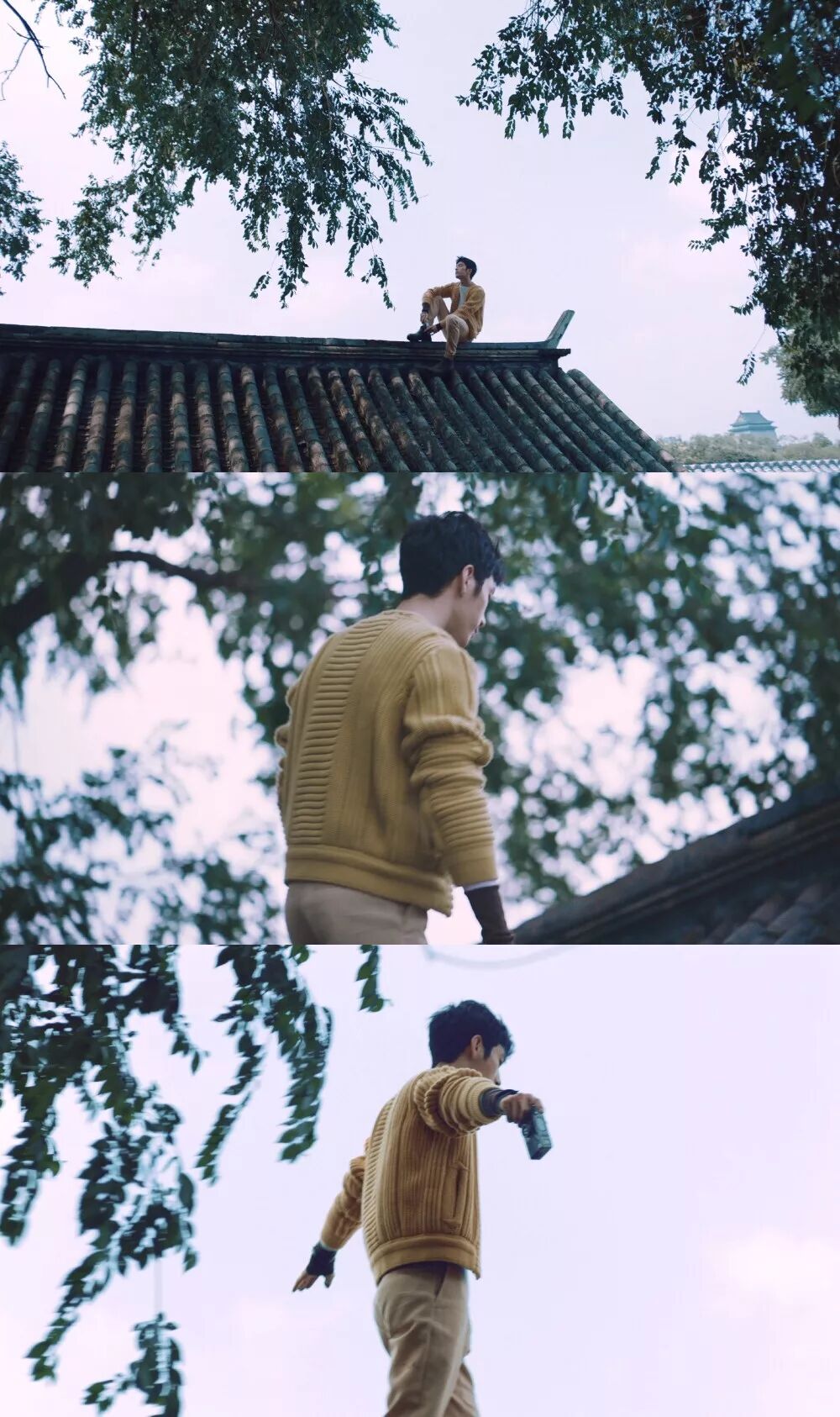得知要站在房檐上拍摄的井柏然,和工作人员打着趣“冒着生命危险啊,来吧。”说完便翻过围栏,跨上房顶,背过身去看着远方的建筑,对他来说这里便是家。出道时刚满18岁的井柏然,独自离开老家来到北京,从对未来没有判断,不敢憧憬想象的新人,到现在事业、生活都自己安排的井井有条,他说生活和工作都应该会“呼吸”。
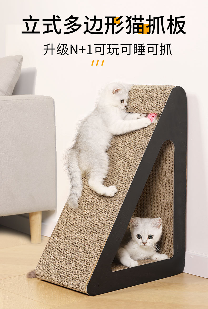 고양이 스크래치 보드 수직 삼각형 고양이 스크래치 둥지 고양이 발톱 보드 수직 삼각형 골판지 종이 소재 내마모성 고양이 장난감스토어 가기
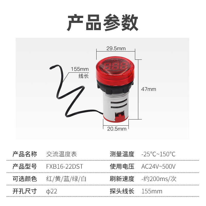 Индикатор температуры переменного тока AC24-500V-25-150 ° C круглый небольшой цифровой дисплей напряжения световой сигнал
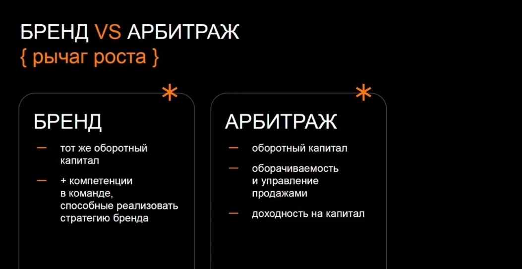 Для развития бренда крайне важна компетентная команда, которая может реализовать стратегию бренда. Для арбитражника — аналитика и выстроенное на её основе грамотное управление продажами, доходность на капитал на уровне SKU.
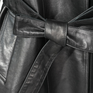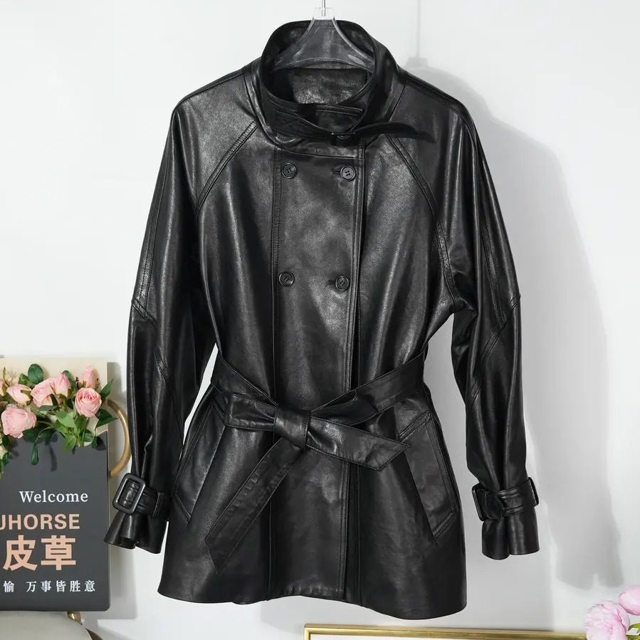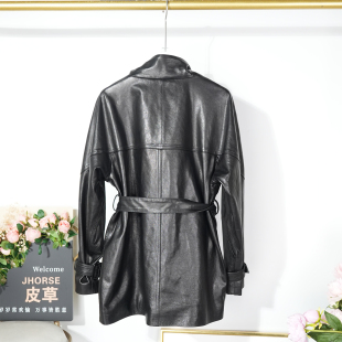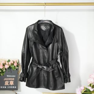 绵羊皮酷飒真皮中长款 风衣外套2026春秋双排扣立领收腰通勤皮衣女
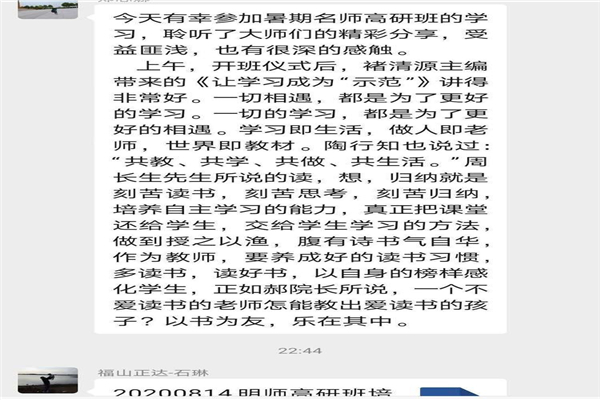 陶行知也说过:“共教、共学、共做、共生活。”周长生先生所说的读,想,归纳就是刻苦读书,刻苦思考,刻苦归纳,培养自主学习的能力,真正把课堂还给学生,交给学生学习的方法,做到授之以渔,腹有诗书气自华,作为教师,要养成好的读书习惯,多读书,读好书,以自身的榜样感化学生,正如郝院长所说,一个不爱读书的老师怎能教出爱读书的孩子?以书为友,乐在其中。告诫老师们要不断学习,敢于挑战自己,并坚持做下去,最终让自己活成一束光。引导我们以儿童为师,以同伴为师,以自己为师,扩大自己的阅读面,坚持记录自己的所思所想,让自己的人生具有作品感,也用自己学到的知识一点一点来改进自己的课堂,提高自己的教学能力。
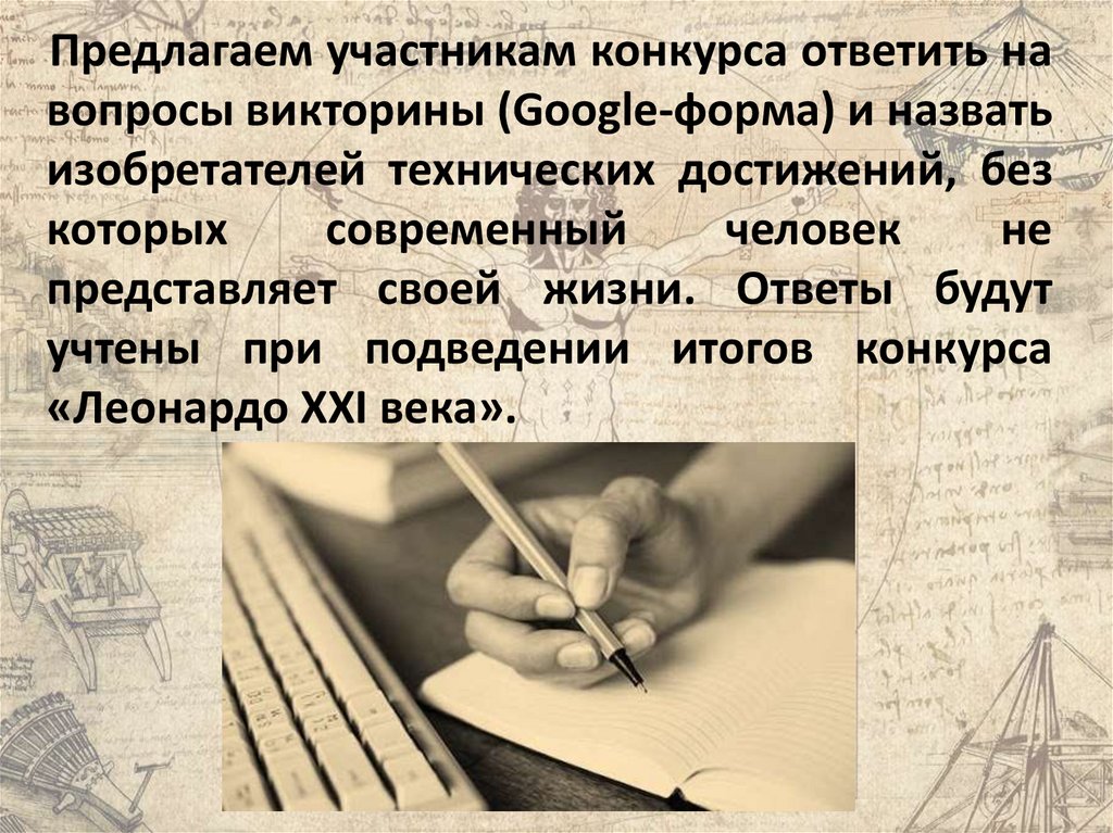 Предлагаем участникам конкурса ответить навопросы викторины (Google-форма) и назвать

===

> _TASK INSTRUCTIONS_
Reproduce exactly, with no pictures, the lines above from the one holding "고양이 스크래치 보드" to the one holding "Индикатор температуры переменного", inclusive.

> _TASK ANSWER_
 고양이 스크래치 보드 수직 삼각형 고양이 스크래치 둥지 고양이 발톱 보드 수직 삼각형 골판지 종이 소재 내마모성 고양이 장난감스토어 가기
 Индикатор температуры переменного тока AC24-500V-25-150 ° C круглый небольшой цифровой дисплей напряжения световой сигнал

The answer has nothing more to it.